In a letter to the committee on Wednesday, Rumsfeld — himself a former wrestler — argued that to “abandon this great Olympic legacy would be a tragedy for the sport and for the proud tradition of the Olympic Games.”

“Olympic wrestling is unlike any other athletic activity,” Rumsfeld said. “As you know well, it is undoubtedly the oldest of contact sports, its lineage dating back to before the first ancient Olympic competition two and a half millennia ago.”

The committee announced this week that wrestling would not be included in the 2020 games.

“This is a process of renewing and renovating the program for the Olympics,” IOC spokesman Mark Adams said.

But Rumsfeld — who wrestled in high school from 1946 to 1950, in college from 1950 to 1954 and in the Navy from 1954 to 1957 — said that would be a mistake.

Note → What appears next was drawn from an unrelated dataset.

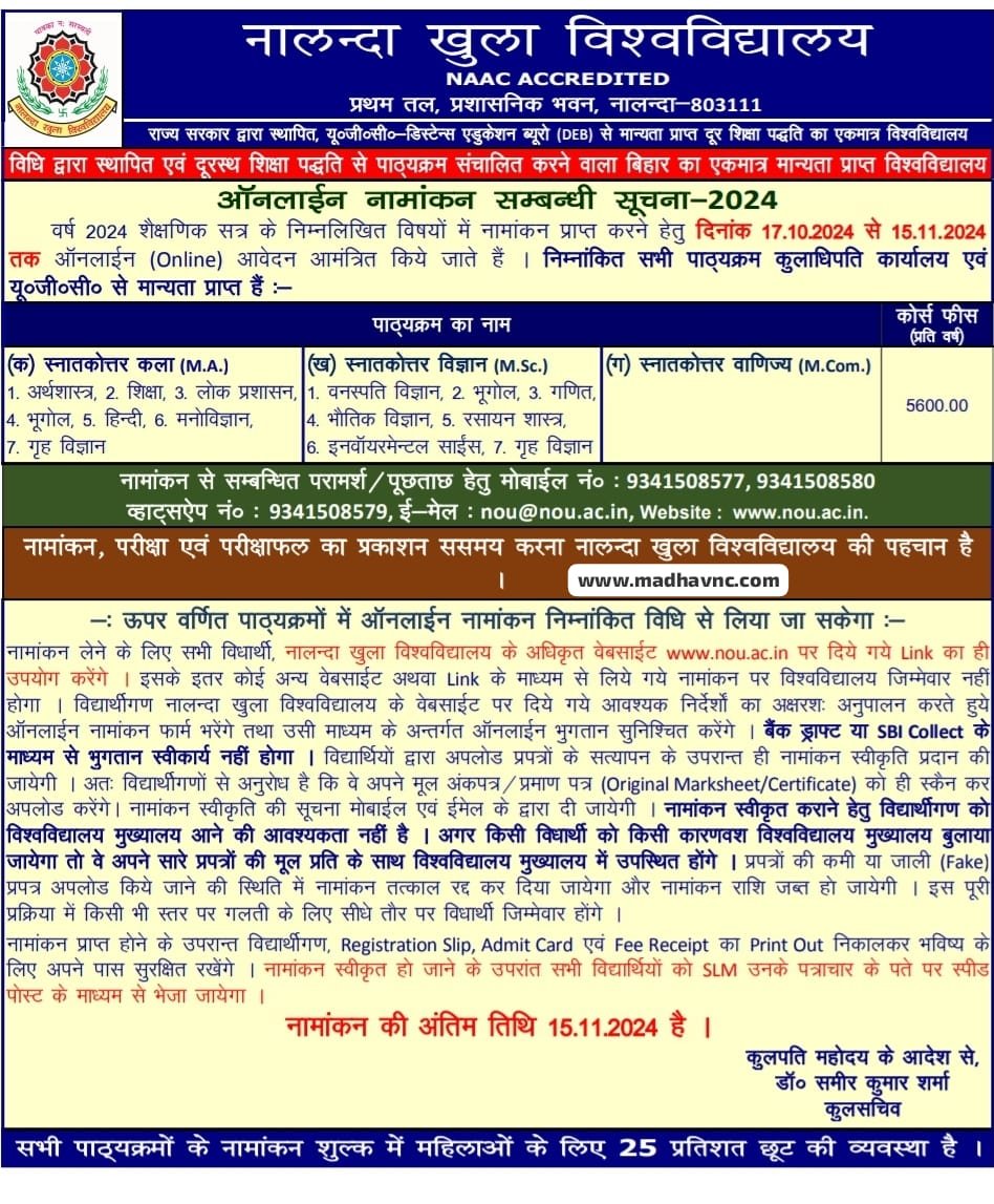 दोस्तों आप सभी की जानकारी के लिए बता दें पीजी में नामांकन लेना चाहते हैं, और ललित नारायण मिथिला यूनिवर्सिटी से आप आवेदन कर चुके थे | लेकिन मेरिट लिस्ट में यदि आपका नाम नहीं आया है, तो ऐसे छात्र-छात्राएं भी नालंदा खुला विश्वविद्यालय से पीजी में नामांकन ले सकते हैं| इसके ले करके आवेदन की प्रक्रिया शुरू कर दी गई है| जिसकी अंतिम तिथि 15 नवंबर तक है |

“There are wrestlers in nearly 200 nations,” he said. “Wrestling is a universal sport that anyone can participate in regardless of geography, weather, race, gender, or economic background.”

Added the former politician: “All that is needed is a flat surface, two competitors and a referee.”

“For ten years I wrestled for the love of the sport. Over the years I have been privileged to see firsthand the positive impact wrestling has had on my teammates, our opponents, as well as on me.”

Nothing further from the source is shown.